Now, here are some pictures of the slope that we have. It's 4 acres, and all of that goes down the eastern slope. All of it is terraced. This means, there are large 20-ft wide steps that then drop off to the level below. The hill is pretty steep at around 45 degrees in some places, then levels off, then goes up again. On the lower part of the property, the slope goes less steep, I'm not sure how steep, but there's an acre or so of usable lot that slopes slightly. On that more level spot we wanna put paddocks for chickens with paddock shift design, pecan trees, and just as many fruit trees as we can possibly fit. Given that about 50% dies of everything I plant, we need a bunch.
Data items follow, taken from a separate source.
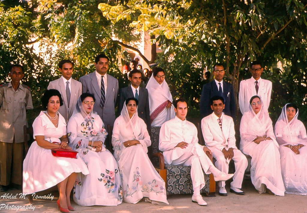 16. Incomplete caption (event/name of reciter and others recognizable in the group)). Mawlana Hazar Imam, His Highness the Aga Khan, visits Karachi, Pakistan in 1961. Photo: Abdul M. Ismaily. Copyright.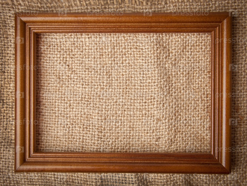 Деревянная рамка на фоне мешковины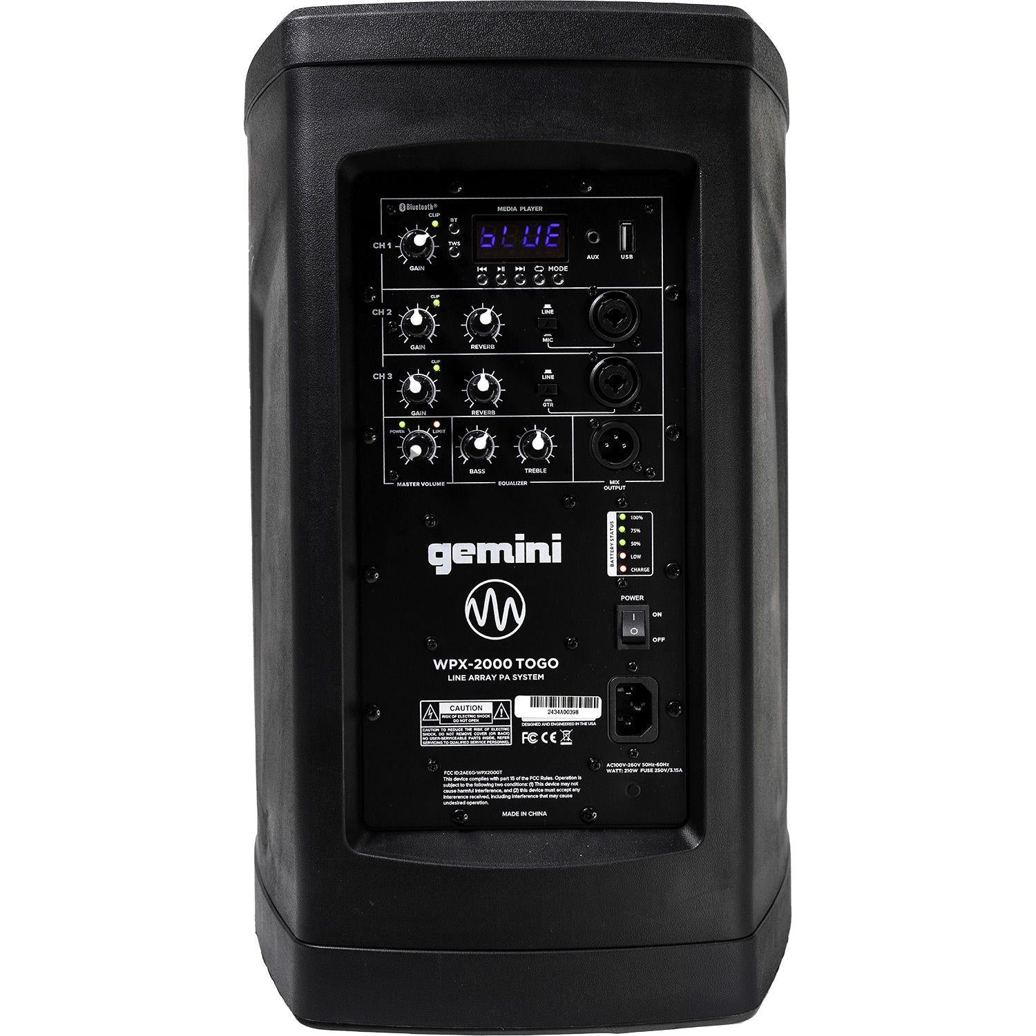 The Gemini WPX-2000TOGO is an all-in-one sound system designed to meet the needs of events requiring a portable, self-contained installation. With its 8-inch subwoofer and six 2.75-inch speakers, it delivers a balanced sound reproduction covering a wide frequency range from 20 Hz to 20 kHz. Its Class D amplification delivers up to 1000 watts of peak power, with 500 watts of continuous power, guaranteeing a sound performance suitable for a variety of applications, from impromptu concerts to open-air conferences.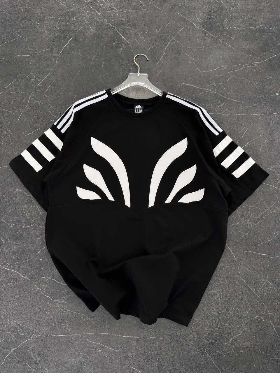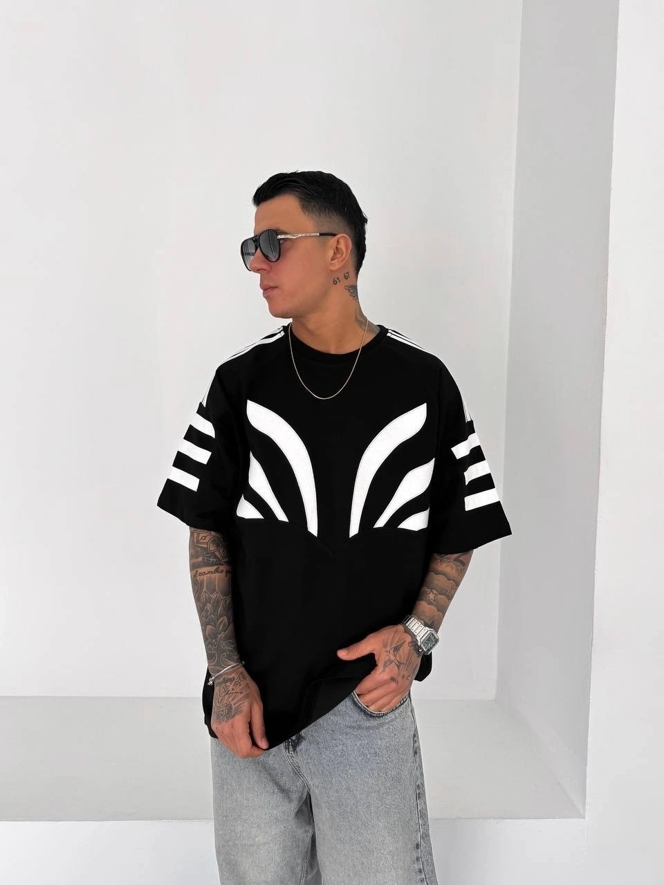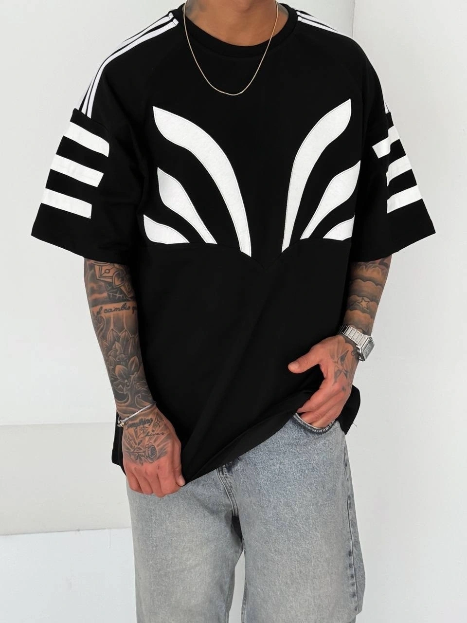 LOGOLU ÜRÜN NAKIŞ DETAY OVERSİZE TSHİRT -SİYAH

On the steeper slope up the hill we also need to plant fruit trees, and possibly make it so we don't have to water them. Fruit trees that aren't watered give fruit that's healthier anyway.

So this is the steeper terraced area:






This is looking up the hill and the terrace is rimmed with rocks where it levels off.


This is the area at the bottom of the hill:



It still has terraces that are about a foot tall.




In this area, all of the soil is suffering from overgrazing that happened over hundreds of years. There's barely any grass, the soil is rocky, the topsoil is 6" tops, and most of the organic matter washes down into rivers and lakes. I will probably need to bring some wood chips to cover most of the land. We are about 40 miles from town, so I don't know if any arborists would be willing to drop their woodchips on our lot.